The Brancatelli File



May 4, 2000 -- I know you come to this little portion of Cyberspace in search of my brilliant insight, my snappy wit, my laser-focused logic and my unstinting willingness to throw my mind, body and spirit against the monolithic blue meanies who make our lives on the road a living purgatory.

I am disappointed to report that this week, at least, I am speechless. I simply do not know what to make of these news items. They all seem so bizarre, so outrageous and so mind-numbingly inexplicable that I have nothing so say.

In fact, I'll just pass these disparate bits information on to you and let you draw your own conclusions. So, without further ado and without editorial comment, and, as Rod Serling used to say in a totally different Twilight Zone, submitted for your approval…

Lufthansa has threatened to ban complimentary copies of the Financial Times from its aircraft because airline executives are infuriated that the newspaper has obtained internal Lufthansa documents and reported negative information about the German carrier. A day after the newspaper's new German edition reported the airline planned to sell investments to meet its profit targets for 2000, Lufthansa chief executive Juergen Weber imposed a one-day ban on in-flight distribution of the paper. The airline then wrote to the Financial Times and threatened to ban it forever if it published any more confidential information.

Swedish maids are seeking protection from male hotel guests who become "over excited" after watching televised pornography. The Swedish Hotel Workers Federation wants maids to be given alarms and be allowed to work in pairs. "We have to dry off sticky television screens, clean stained sheets and pick up used tissues," maids told a Swedish newspaper. Sweden's Equality Minister, Margareta Winberg, said Swedish politicians and civil servants should boycott hotels where pornography is available on in-room television systems. But Prime Minister Goran Persson told a newspaper that he had other priorities on the road. "It's more important that the hotel room is quiet, clean and comfortable than whether it has television channels showing porn," he said.

British Airways is paying a passenger about $150,000 in compensation after her luggage apparently was stolen at London's Heathrow Airport. Victoria Beckham flew from Miami to London and transferred to a Manchester flight last month, but the bags never arrived at Manchester. The three lost cases contained clothes, Beckham's work and personal items. "We are extremely sorry for the inconvenience caused and have apologized to her," a BA spokeswoman told a British newspaper. "A few items are believed to have gone missing at Heathrow." Why the solicitude and gigantic settlement? Victoria Beckham is better known as "Posh" Spice of the Spice Girls.
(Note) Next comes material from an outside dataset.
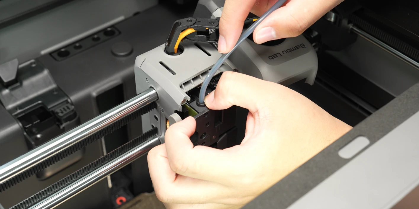 หลังจากประกอบชิ้นส่วนกลับเข้าที่เรียบร้อยแล้ว ให้เปิดเครื่องพิมพ์และดำเนินการ โหลดเส้นพลาสติก (Filament Loading) และดึงเส้นพลาสติกกลับ (Filament Retraction) อย่างละหนึ่งครั้งเพื่อตรวจสอบการทำงาน

Nine maids at a Holiday Inn Express in Minneapolis were tired of low wages and what they perceived to be discriminatory working conditions and exploitation due to their Mexican nationality. Several of them led a unionization drive and won a vote last August. In October, however, the hotel fired the maids and general manager Kevin Koenig reported them as illegal aliens to the Immigration and Naturalization Service. The INS arrested and detained eight of the nine. But the local branch of the Hotel and Restaurant Employees Union filed complaints with the National Labor Relations Board and the Equal Employment Opportunity Commission. In December, the hotel signed a union contract. In January, while denying any wrongdoing, the hotel agreed to pay the nine former maids a total of $72,000. Late last month, the INS agreed to grant seven of the maids a two-year reprieve from deportation and to allow them to work in the United States.
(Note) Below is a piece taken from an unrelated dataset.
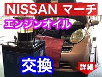 NISSAN マーチ エンジンオイル交換作業のご紹介です。 今回のマークは、オイルゲージ部からホースを入れて古いオイル抜き取る【上抜き方式】で交換させていただきました。 使用したオイルは100%合成油の【ECOMAX0W-20】です。 新しいオイルを入れたあとアイドリングをしてオイル漏れ・油量チェック...

Southwest spends 23 cents per passenger on food, according to statistics on airline spending for the fourth quarter of 1999. The airline, which only offers beverages and snack food on its flights, ranks lowest of the 10 major U.S. carriers. On average, the major airlines pay $4.81 per passenger on food. American spends the most ($8.44 per passenger), followed by United ($7.79), Continental ($5.23), Northwest ($4.97), Delta ($4.16), TWA and Alaska ($3.66 each), US Airways ($3.05) and America West ($1.47). Midwest Express, which wins raves for the food served on its limited route network, spent $9.89 a passenger.
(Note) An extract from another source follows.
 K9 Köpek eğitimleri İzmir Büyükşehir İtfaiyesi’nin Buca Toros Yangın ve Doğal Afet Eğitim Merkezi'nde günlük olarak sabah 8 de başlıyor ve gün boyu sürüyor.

The Massachusetts Commission Against Discrimination on Monday ordered Northwest to pay more than $200,000 to a former baggage handler who claims she was fired after cooperating in a sexual-harassment investigation. The woman, a 15-year Northwest employee, suffered a disabling back injury at Logan Airport in 1994. She said she was fired in 1995 after giving written testimony to state investigators in support of a sexual-harassment claim brought by the family of a Northwest employee who was murdered in 1992. The family settled its claim against Northwest in 1995; the murder has yet to be solved.